# Description of the task:
Transcribe the records word for word. Leave every picture out.

Records from a dataset:
-- Opening Marker --

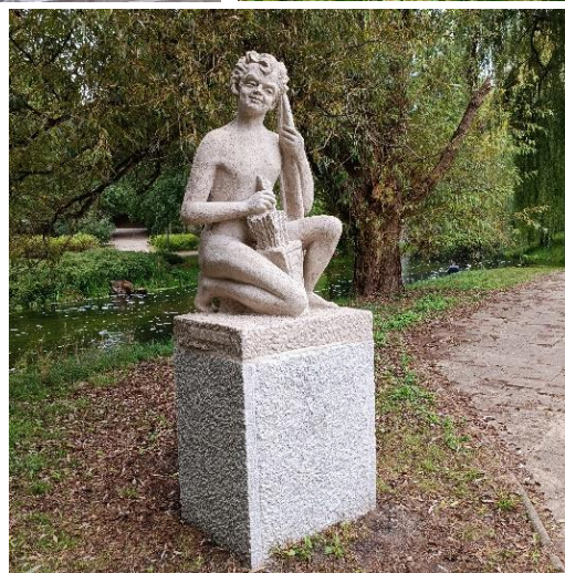
Odnowione rzeźby autorstwa Balbiny Świtycz-Widackiej w parku Podzamcze (2024)
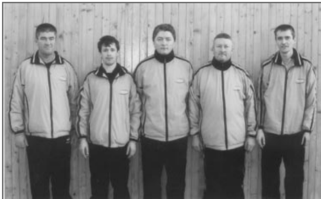
Geodézia-Német-Kemecse SE asztalitenisz Megyei I. o. bajnokcsapata 2004-2005

csapatunk megnyerte a megyei I.o. bajnokságot. Amikor betegségek és eltiltások nem akadályozták az összeállítást, nem v e s z t e t t ü n k mérkőzést.
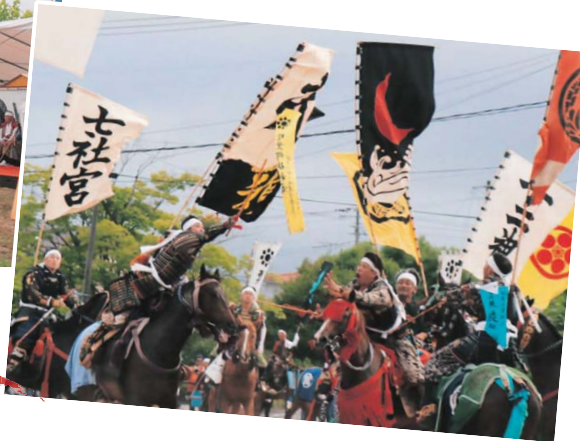
標葉郷 神旗争奪戦
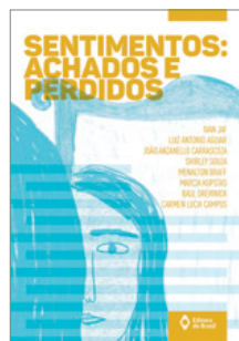
Editora do Brasil

Documentário que conta a trajetória da cartunista Laerte, refletindo como aconteceu a ascensão dessa artista e a coragem de se assumir mulher, depois de três filhos e muitos anos de carreira.

-- Closing Marker --

# Written solution:
Odnowione rzeźby autorstwa Balbiny Świtycz-Widackiej w parku Podzamcze (2024)
Geodézia-Német-Kemecse SE asztalitenisz Megyei I. o. bajnokcsapata 2004-2005

csapatunk megnyerte a megyei I.o. bajnokságot. Amikor betegségek és eltiltások nem akadályozták az összeállítást, nem v e s z t e t t ü n k mérkőzést.
標葉郷 神旗争奪戦
Editora do Brasil

Documentário que conta a trajetória da cartunista Laerte, refletindo como aconteceu a ascensão dessa artista e a coragem de se assumir mulher, depois de três filhos e muitos anos de carreira.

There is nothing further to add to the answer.